The current home-page table shows same-node utilization for prefill and decode:
| Workload | GPU (measured) | Honeycomb (target) | Evidence |
|---|---|---|---|
| LLM prefill (compute-bound) | 76,206 tok/s (100.0% of peak) | about 0.9×, comparable; MAC utilization ~89–91% | modeled |
| Decode, batch-1 (latency-bound) | 430 tok/s (0.6% of peak) | about 200× faster; weights stay resident, no memory wall | measured / modeled |
| Decode, batch-32 (throughput) | 8,523 tok/s (11.2% of peak) | about 9× faster; batching recovers some GPU throughput | measured / modeled |
GPU: RTX 2000 Ada, GPT-2, same-node. Percentages are computed from the book’s recorded constants.

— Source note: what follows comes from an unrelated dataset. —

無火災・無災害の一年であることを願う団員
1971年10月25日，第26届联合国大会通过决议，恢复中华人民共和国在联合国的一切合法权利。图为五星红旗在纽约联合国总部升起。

That table is intentionally narrow. The next version of the performance page should show latency distributions, energy per token, and scaling curves, not only throughput.
Projection ladder
The defensible path from today to production has three rungs:
| Rung | Source | Website label |
|---|---|---|
| sky130 physical anchor | OpenLane routed reports over open sky130 cells and SRAM macros | recorded estimate |
| 22 nm test chip | measured frequency, voltage, power, shmoo, and workload counters from fabricated silicon | measured silicon |
| production node | projection from measured 22 nm data using stated density, voltage, SRAM, and frequency assumptions | projected |
The 22 nm chip should replace sky130 as the public PPA anchor as soon as bring-up produces stable measurements. The production-node page should then scale from measured 22 nm behavior, not directly from sky130.
Comparison stance
The comparisons should be selected to answer different questions:
- GPU serving: compare against H100/H200/B200/GB-class systems on TTFT, TPOT, p99 latency, throughput under latency SLO, joules/token, and cost per million tokens.
- Low-latency inference ASICs: compare against Groq-style LPU systems on deterministic latency, jitter, batch sensitivity, SRAM residency, and compiler-visible scheduling.

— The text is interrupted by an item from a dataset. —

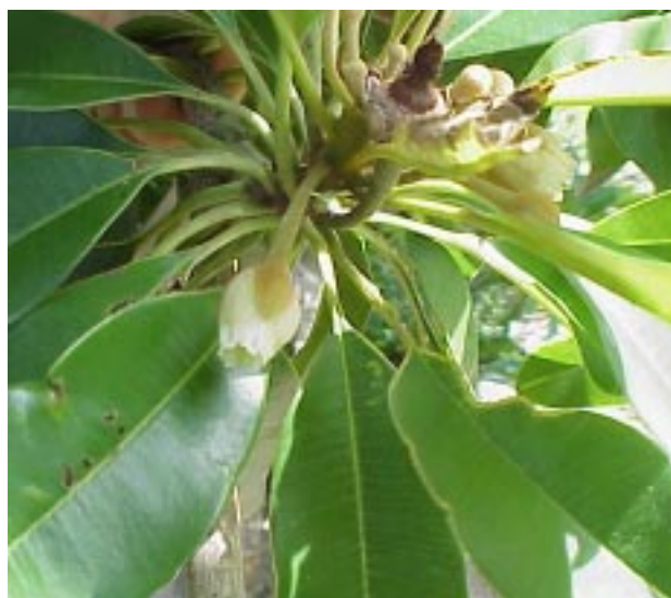
FIG. 5. Planta de sapoti com botão, flor e fruto juntos.

- Architecture-normalized view: compare tokens/sec/W, tokens/sec/mm^2, pJ/MAC, bytes moved per token, and realized utilization instead of raw peak TOPS.
Raw throughput still matters, but it should sit below latency, energy, and determinism. Honeycomb is not trying to be a denser GPU. It is trying to make a smaller, checkable, memory-resident compute fabric win the serving cases where GPUs are underutilized.
Next measurements
The vectorless-to-activity-driven step above is now done for the compute cell: idle, control, and kmac traces run through the routed netlist, and OpenROAD reports pJ/cycle and the power decomposition by workload. What remains before the 22 nm chip becomes the measurement source:
- pJ/mesh-hop needs the router and mesh through place-and-route; only the compute cell is routed today, so per-hop energy is not yet measurable.
- Corner spread on activity power: only a TT SRAM library exists, so the activity numbers are nom-TT only.
- Clock-gated and pipelined variants, to show the residency and control overhead coming down rather than just noting that it dominates.
- Load/store and decode-shaped traces, extending the workload matrix beyond the datapath.
Those numbers will still be estimates, but they are workload-specific estimates. That is the right intermediate step before the 22 nm test chip becomes the measurement source.